*Problem to solve*:
Set down, exactly as they stand, the lines from the one containing "I do like a" through the last line of the records below, leaving every picture out.

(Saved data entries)
________________________
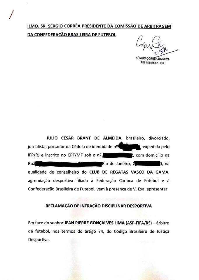 Depois de ingressarmos, no STJD, com uma Denúncia contra o árbitro Jean Pierre Gonçalves Lima, apresentamos, no dia 26 próximo passado, na CBF, uma Reclamação de Infração Disciplinar Desportiva contra o mesmo árbitro. Após esta representação, Jean Pierre não foi escalado.
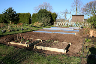 I do like a self-imposed deadline. I doubt I would get anything done without one, in truth. I chose this week as 'Veg Week' last autumn and thought I'd get a demonstration veg plot ready to plant up during the week. Well what do you know, I finished it today, right on cue.
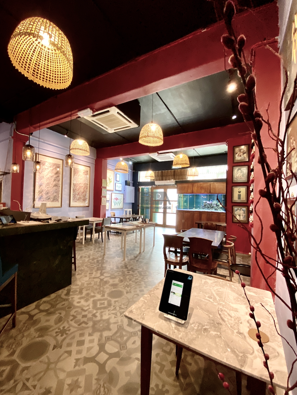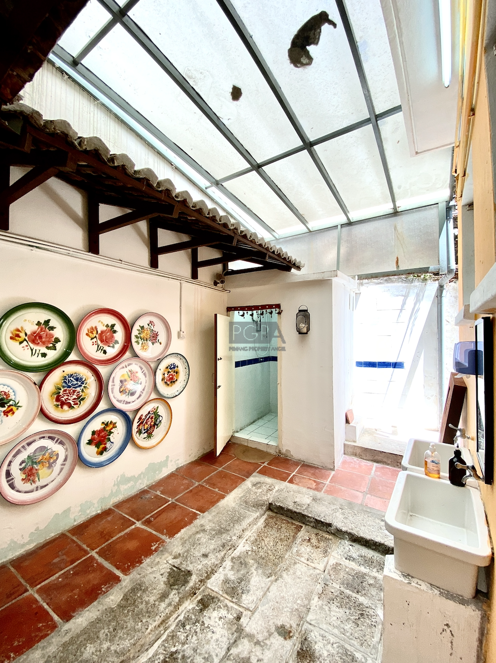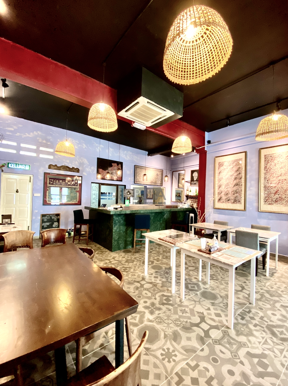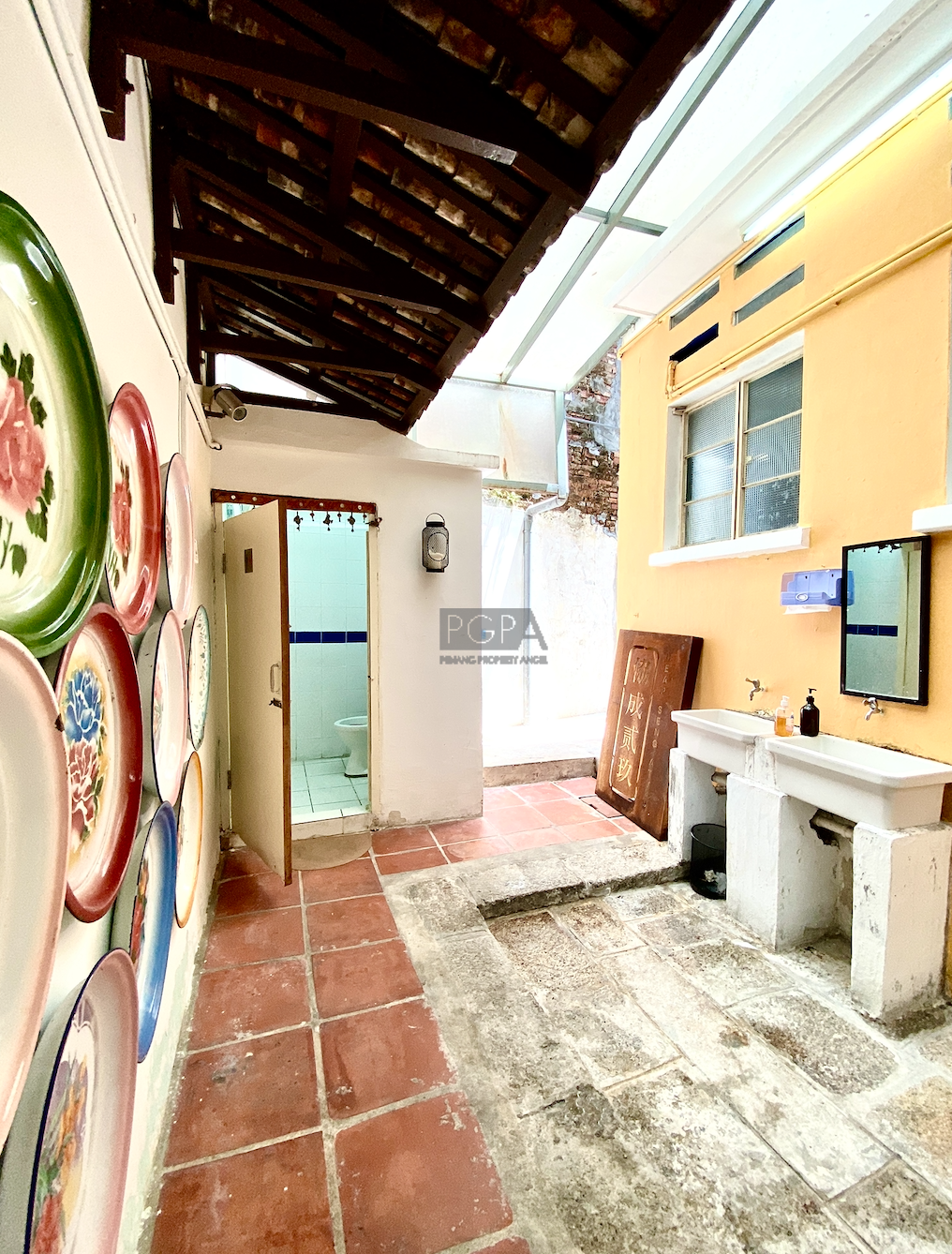 Once it was two private residence to Chinese merchants dating back to 1846. On China street it was rebuilt as one property in an Art-Deco/modern style in the late 1940’s to early 50’s. The handsome new structure boasted the latest concrete form , with solid concrete floors and high ceilings the interior spaces were double the width of traditional and narrow shophouses Restorations began in 2008 and it has since then housed studio apartments, artist residencies, a gallery and now a F&B outlet on the ground floor.
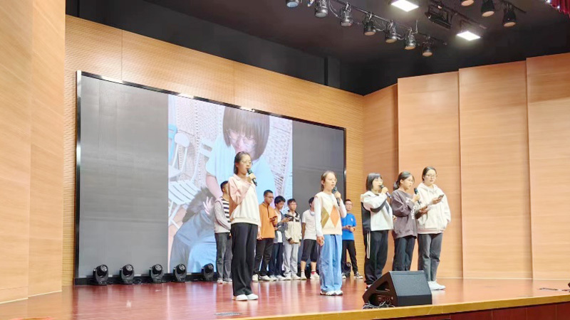 接下来则是由校主持人社为大家朗诵诗篇《月光下的中国》。朗诵者们情感充沛,字字铿锵,向我们描绘着一幅崭新的现代中国的富强图景,令我们真切感受到了当下生活的美好。生活在这个最好的时代的我们亦当自觉承担起我们肩头的责任,为中华民族的强盛贡献我们的力量。
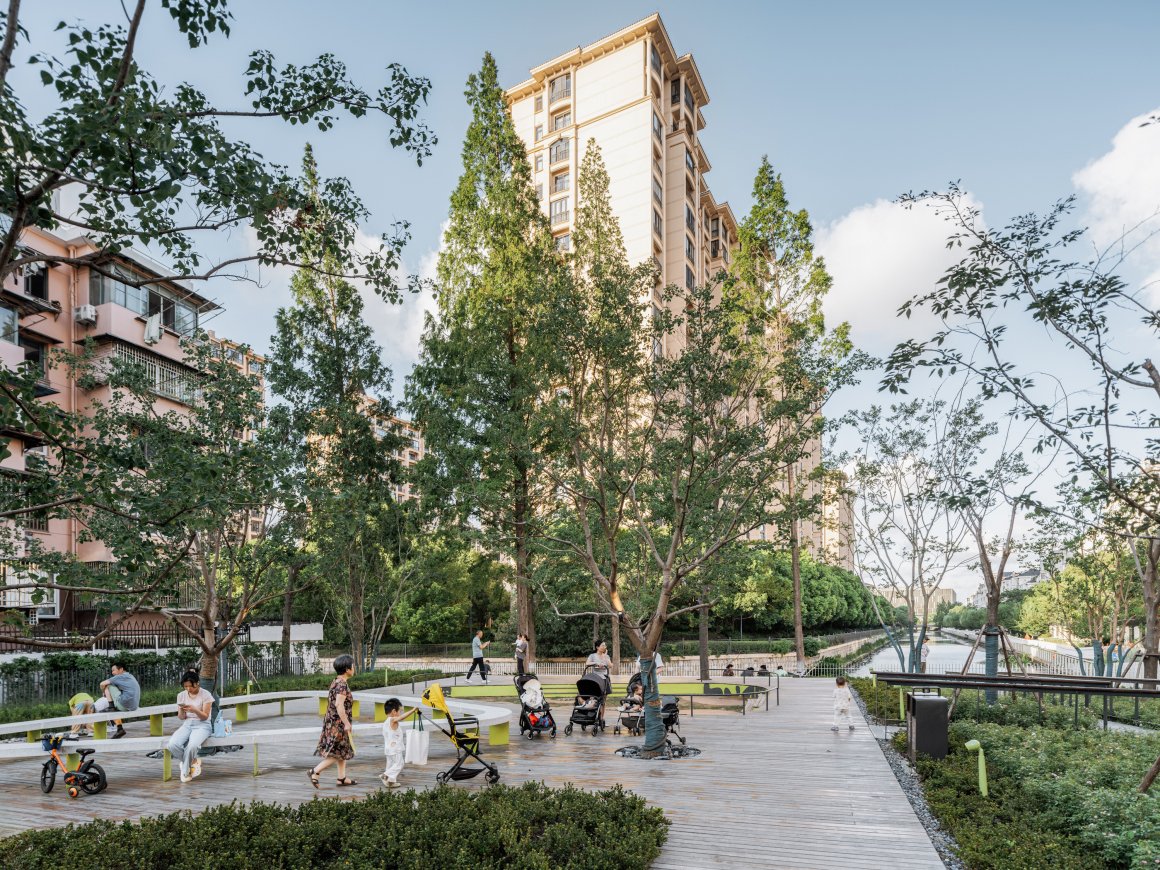 ▽我们在设计中将邻近浪水浜的甲板局部抬高1.5米,并结合现场保留大树形成一个容纳不同形式交往活动的“起翘的甲板” @CreatAR Images
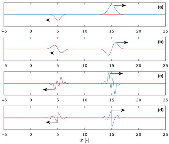 Figure 2. Comparison between the original disturbance (blue) and the time reversed wave packet (red) for different initial envelopes: (a) e X 2 ; (b) e X 2 sin X ; (c) e X 2 sin 3 X cos 5 X ; (d) 2 e X 2 5 X 1 2 + 5 X ; all with n = 0, κ = 0 .
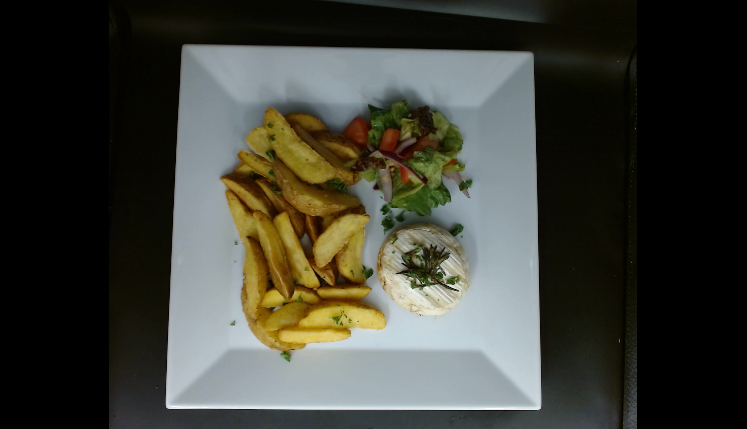 Grilovaný hermelín,míchaný zeleninový salátek, americké brambory
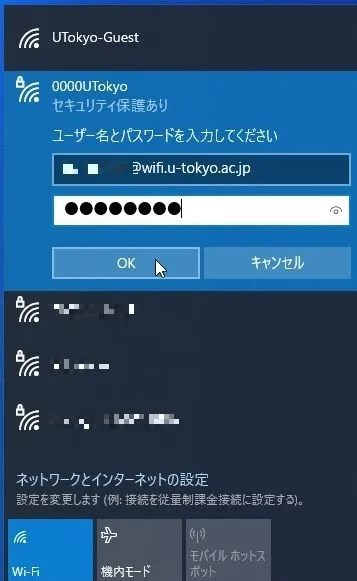 パスワードUTokyo Wi-Fiのパスワードを入力してください
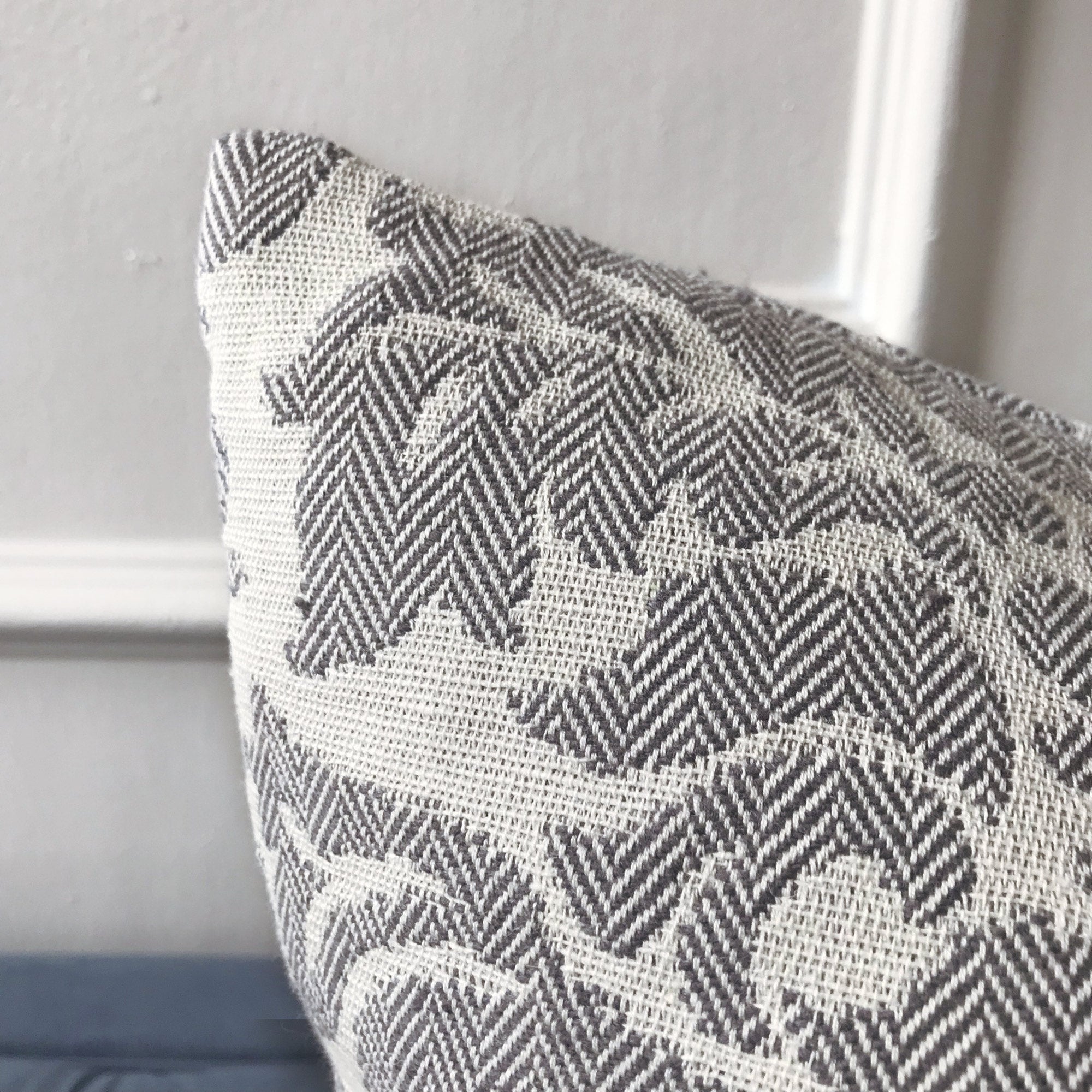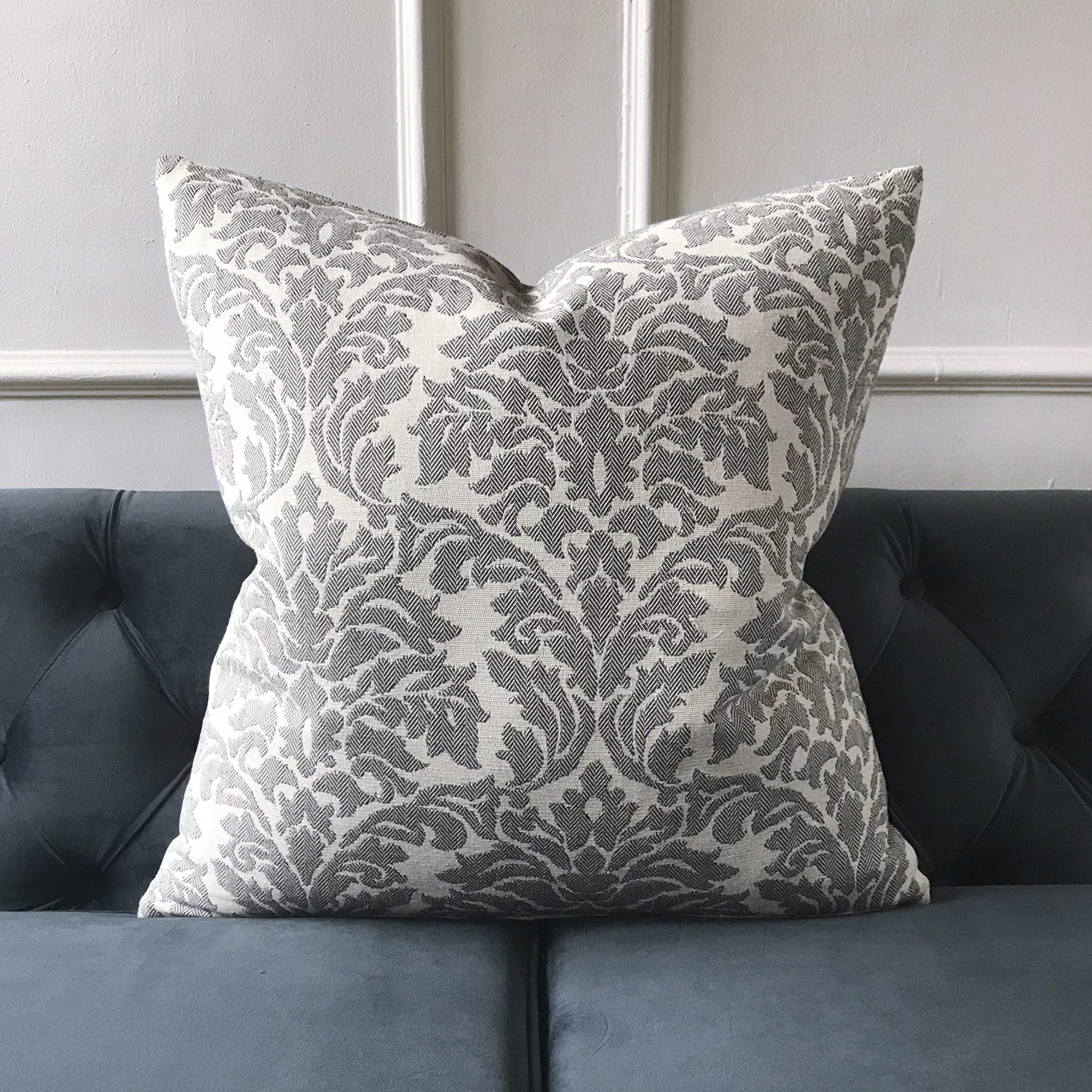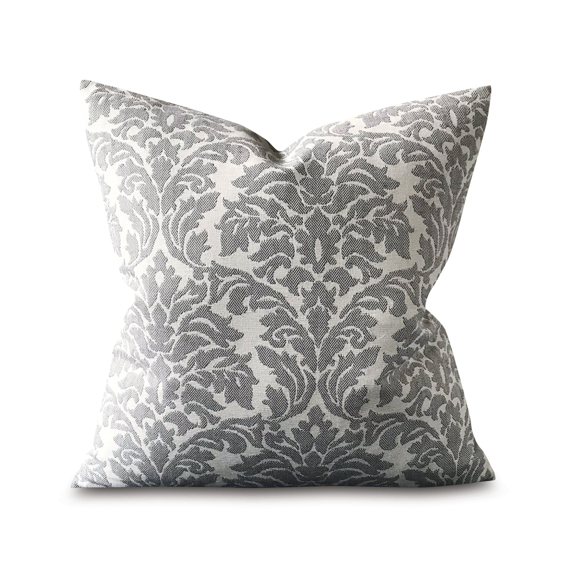 - Jacquard decorative pillow cover with an intricate silver damask pattern
________________________
*Solution for this task*:
 I do like a self-imposed deadline. I doubt I would get anything done without one, in truth. I chose this week as 'Veg Week' last autumn and thought I'd get a demonstration veg plot ready to plant up during the week. Well what do you know, I finished it today, right on cue.
 Once it was two private residence to Chinese merchants dating back to 1846. On China street it was rebuilt as one property in an Art-Deco/modern style in the late 1940’s to early 50’s. The handsome new structure boasted the latest concrete form , with solid concrete floors and high ceilings the interior spaces were double the width of traditional and narrow shophouses Restorations began in 2008 and it has since then housed studio apartments, artist residencies, a gallery and now a F&B outlet on the ground floor.
 接下来则是由校主持人社为大家朗诵诗篇《月光下的中国》。朗诵者们情感充沛,字字铿锵,向我们描绘着一幅崭新的现代中国的富强图景,令我们真切感受到了当下生活的美好。生活在这个最好的时代的我们亦当自觉承担起我们肩头的责任,为中华民族的强盛贡献我们的力量。
 ▽我们在设计中将邻近浪水浜的甲板局部抬高1.5米,并结合现场保留大树形成一个容纳不同形式交往活动的“起翘的甲板” @CreatAR Images
 Figure 2. Comparison between the original disturbance (blue) and the time reversed wave packet (red) for different initial envelopes: (a) e X 2 ; (b) e X 2 sin X ; (c) e X 2 sin 3 X cos 5 X ; (d) 2 e X 2 5 X 1 2 + 5 X ; all with n = 0, κ = 0 .
 Grilovaný hermelín,míchaný zeleninový salátek, americké brambory
 パスワードUTokyo Wi-Fiのパスワードを入力してください
 - Jacquard decorative pillow cover with an intricate silver damask pattern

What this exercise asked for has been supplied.